API MOBILE PLATFORM VERSION UPDATED The one of mobile application's version was updated via the API.
API MOBILE PLATFORM VERSION NOT FOUND Unable to find the mobile application version that was requested via the API.
API MOBILE PLATFORM VERSION FOUND A specific version of the mobile platform version was returned via the API.
API MOBILE PLATFORM VERSION LISTED A list of mobile application's versions was returned via the API.
API MOBILE PLATFORM VERSION ALREADY EXISTS Unable to create a mobile application's version config via the API because of duplicated version returned.
API MOBILE PLATFORM VERSION EXPORTED A mobile application configuration file was returned via the API.
API MOBILE PLATFORM INVALID The platform was invalid.

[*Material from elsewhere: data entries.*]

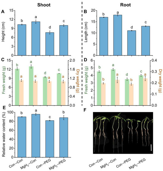 MgH2-induced osmotic tolerance. After germinating for 2 days, mung bean seedlings were pretreated with or without 0.01 g L−1 of MgH2 for 12 h. Subsequently, seedlings were maintained in control conditions (Con) or exposed to osmotic stress (20% PEG) for 3 days. The shoot height (A), root length (B), FW and DW of 30 shoots (C) and 30 roots (D), and relative water content (E) were detected. (F) Representative phenotypes are shown. Scale bar = 5 cm. The means and ± SD values were obtained from three independent experiments with three biological replicates for each. The different letters indicate significantly different values (p < 0.05) according to Tukey’s multiple range test.
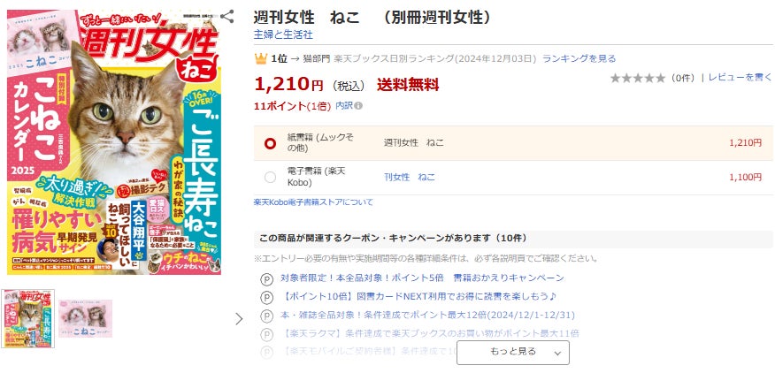※楽天ブックス日別ランキング(2024年12月3日付)、猫部門で1位になりました。
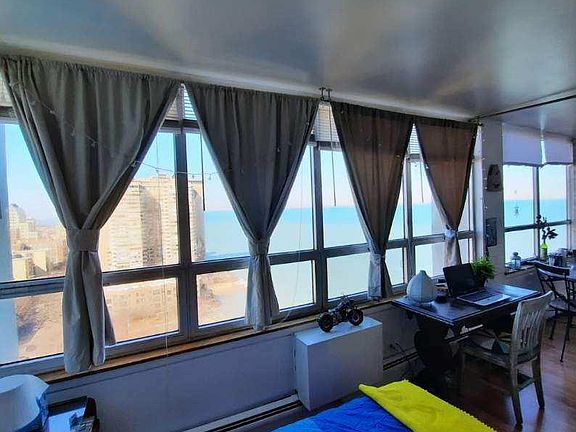 Highly sought after unit with end to end wall windows providing full breathtaking and un-obstructed views of Lake Michigan. This spectacular jumbo studio in the hot Edgewater Beach district has an open concept style with living /sleeping area and separate dining /work area nook. Efficient kitchen with return island and all white bathroom. Berger Park is right next door and you can walk to three beaches for fun and sun. No car needed. Welcome to your best life This building features: 24 - hour doorman, 24 - hour professional management on site plus a 24-hour building engineer and maintenance. Building amenities include: laundry room, state of the art fitness center, party room with 360 degree view of the lake and city, rooftop deck. Wait list for onsite parking available, for additional cost. Rent includes : storage; in-unit heat, water, cable, building and lawn maintenance. Express bus outside front door. Walking within blocks to CTA red line. Walk to Loyola plus a great selection of shopping including Aldi and Whole Foods.
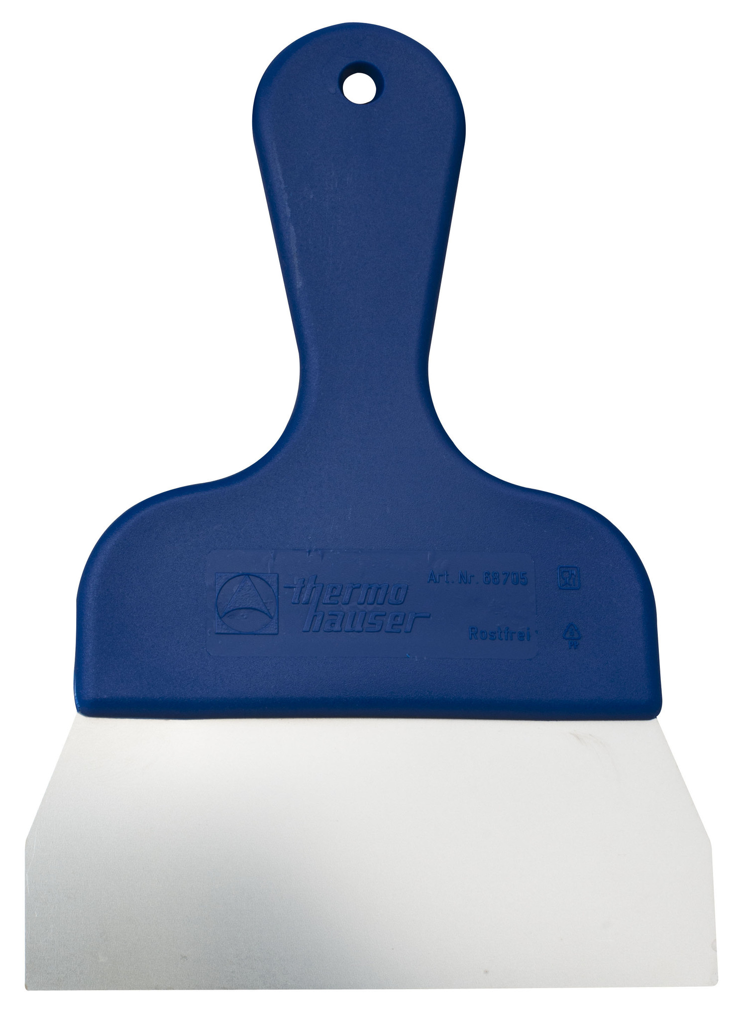 Use as spatula or scrapper with stainless steel blade with blue handle made of plastic.
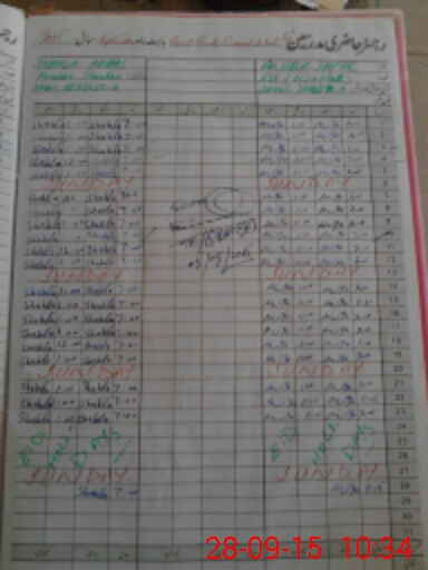 | CNIC | Full Name | Designation | R/C | Absence During Last Calender Month |

Only android and ios are valid platforms.
API MOBILE APPLICATION NOT FOUND Unable to find mobile application.
API WEB CLIENT ALREADY EXISTS An attempt was made to create an Web client via the admin API , but a different OAuth client with the same client_id already exists.
API WEB CLIENT ADDED A Web client has been created via the API.
API WEB CLIENT LISTED A list of Web clients was returned via the API.
API WEB CLIENT DELETED A Web client was deleted via the API.
API WEB CLIENT UPDATED The configuration of a Web client was updated via the API.
API WEB CLIENT NOT FOUND An attempt was made to read, update or delete an Web client via the API, but no Web client exists with the given client_id.
API WEB CLIENT UPDATE BAD ID The client_id in the URL does not match the client_id in the request body.
API DUM ENGINE CONFIG LISTED A list of DUM Engine Configuration was returned via the API.
API DUM ENGINE CONFIG NOT FOUND An attempt was made to read, update or delete an DUM Engine Configuration via the API, but no configuration exists with the given id.
API DUM ENGINE CONFIG CREATED A DUM Engine Configuration has been created via the API.
API DUM ENGINE CONFIG UPDATED A DUM Engine Configuration was updated via the API.
API DUM ENGINE CONFIG DELETED A DUM Engine Configuration was deleted via the API.
API DUM ENGINE CONFIG ALREADY EXISTS An attempt was made to create an DUM Engine Configuration via the admin API , but a different configuration with the same id already exists.

Geolocation audit events

Event Description
GEOLOCATION CHECK EXTERNAL CALL SUCCESS A successful call to an external geolocation service was made.
GEOLOCATION CHECK CACHE SUCCESS A geolocation check was requested, but the response is already cached.
GEOLOCATION CHECK SKIPPED DATA MISSING An attempt to execute geolocation check was skipped because the ip address was missing.
GEOLOCATION CHECK RESPONSE PARSING FAILED A call to the geolocation service was made, but either the response was malformed or did not contain all the required fields.
GEOLOCATION CHECK EXTERNAL CALL FAILED A call to the geolocation service could not be made.
GEOLOCATION CHECK FAILED An attempt to execute geolocation check was made, but failed for an unknown reason.

App To Web SSO events

Event Description
APP TO WEB SSO TOKEN CREATED A successful call of App To Web SSO service.
APP TO WEB SSO DISABLED A call was made to use the feature, but it was disabled.
APP TO WEB SSO INVALID IDP TYPE A call was made to use the feature, but the associated IDP was not of the Onegini Type.
APP TO WEB SSO FAILED A call was made to use the feature, but it was failed for some reason. Refer to the 'details' for more information.
APP TO WEB SSO APP TO WEB SSO TARGET URL NOT CONFIGURED A call was made to use the feature, but it failed because the target_url is not configured in Consumer Identity Manager

Store Key Value events

Event Description
STORE KEY VALUE SUCCESSFUL The payload was stored successfully
STORE KEY VALUE API DISABLED The Storage API is disabled for the specified identity provider
STORE KEY VALUE INVALID ACCESS TOKEN TYPE The access token provided was not of the correct type. Should use client credentials (anonymous resource calls)
STORE KEY VALUE INVALID IDP TYPE The identity provider that was specified was not of the Onegini type.
STORE KEY VALUE INVALID IDP CONFIG The configuration on the Onegini IDP for the Storage API is not correct (bad or missing credentials).
STORE KEY VALUE FAILED An error occurred when storing the value in the keystore. Typically an issue in the Consumer Identity Manager application.